Swoją drogą nie wiem czy zauważyłeś, ale mam wrażenie, że Paul nieświadomie dostosowuje swoją postawę, szybkość ruchów rąk do ruchów Jean-Marca . Tutaj mamy dobry przykład synchronizacji.

Badania wykazały, że ludzie w fazie mają tendencję do wzajemnego poruszania się, że używają tego samego repertuaru gestów z synchronizacją bliską czasu.

Badania te podkreślają również zaufanie, szczerość, a nawet współczucie dla drugiego, gdy ta synchronizacja ma miejsce . Po co więc się bez niego obejść i nie sprowokować?

Omawiając temat otwarcia działalności firmy na arenie międzynarodowej, Jean-Marc, nie mówiąc tego werbalnie, emanuje z wyrazu twarzy pewien niepokój. Paul to zauważył i nie będzie się w to zagłębiał. Zrozumiał, że równie ważne jest zwracanie uwagi na gesty drugiej osoby, jak na własne gesty.

Cienkie … gesty stresu

Jak dotąd cała mowa ciała Paula była idealna.

Ale to było bez liczenia wielokrotnego pocierania prawej ręki o przedramię, które właśnie się pojawiło. Te gesty są bezużyteczne. Pokazują tylko, że nie czuje się komfortowo w omawianym temacie: wyniki kwartalne nie spełniają wyznaczonych celów.

Podobnie jak ołówek, który właśnie skończył w jego ustach, te automasaże na ramieniu mają wpływ na zmniejszenie stresu związanego z tym tematem tabu i Paul nie mógł powstrzymać się od masowania ramienia. Ale na szczęście nie wydaje się, żeby Jean-Marc to zauważył.

Poza tym, nawet jeśli czytasz ten artykuł i zdajesz sobie sprawę z wpływu swojej mowy ciała, pamiętaj, że ostatecznie mniejszość ludzi świadomie zwraca na to uwagę.

Gesty ilustracyjne

Och, jest coś, co Paul radzi sobie teraz bardzo dobrze, o czym muszę wam opowiedzieć. Paweł mówi rękami.

To używa obrazowe gesty, które nadadzą treści jego słowom . Jego celem, pamiętajmy, jest przekonywanie. Cóż, w tym przypadku, używając rąk do zilustrowania swoich argumentów, stawia wszystkie szanse na przekonanie.

Pokazuje, że jest osobą dynamiczną. Jeśli przywykłeś do trzymania rąk pod stołem, wyjmij je. Podobnie jak polityk, możesz używać swoich gestów, takich jak Paweł, aby towarzyszyć swojej przemowie, aby Twoje słowa były bardziej przekonujące lub wyraźne.

Teraz pozwolimy Paulowi spokojnie kontynuować wywiad, a z naszej strony przeanalizujemy, co się wydarzyło w jego mowie ciała i postawie.

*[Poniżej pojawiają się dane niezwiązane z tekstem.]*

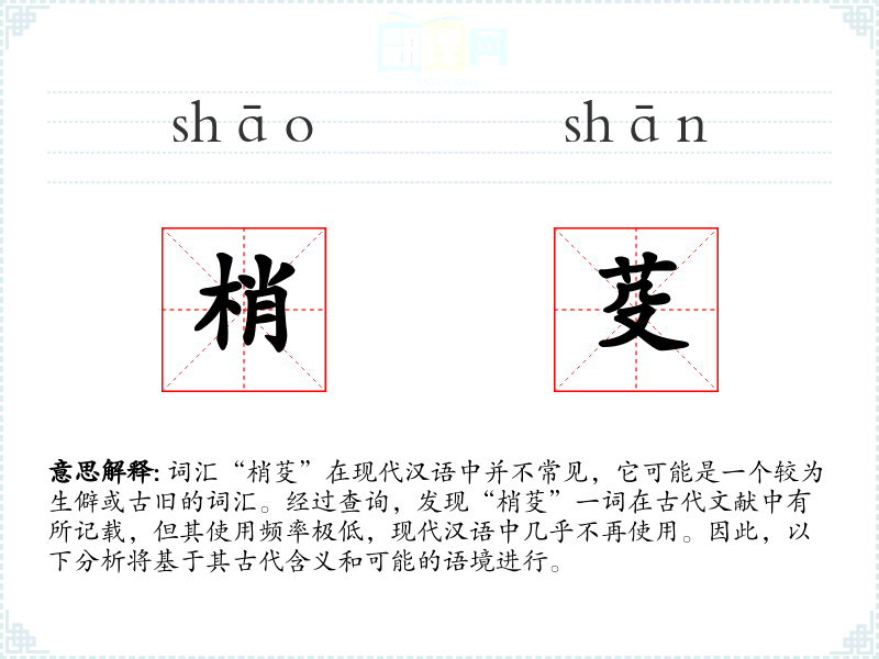 词汇“梢芟”在现代汉语中并不常见,它可能是一个较为生僻或古旧的词汇。经过查询,发现“梢芟”一词在古代文献中有所记载,但其使用频率极低,现代汉语中几乎不再使用。因此,以下分析将基于其古代含义和可能的语境进行。

Jeśli podsumujemy niewerbalną komunikację Pawła w 5 punktach, oto główny wniosek:

  • Paul nie zmienił niczego w swojej komunikacji niewerbalnej, uczynił to rutyną na długo przed wywiadem
  • Jej postawa, uśmiech i otwartość promieniują sympatią i pewnością siebie. Ta postawa cielesna jest wystarczająca i nie skupiał się na konkretnych szczegółach w swojej mowie ciała
  • Paweł mógł uniknąć używania pasożytniczych gestów związanych ze stresem
  • Dobrym punktem było użycie ilustracyjnych gestów w celu podkreślenia jego przemówienia
  • Niewerbalne jest nie tylko jego, ale także jego N + 1

o autorze

nie

Romain COLLIGNON

Od 2011 Romain pomaga rozszyfrowywać komunikację niewerbalną i rozwijać wpływową mowę ciała. Jego cel: wzmocnienie relacji zawodowych i osobistych poprzez mowę ciała. Jego ulubiony gest: uśmiech!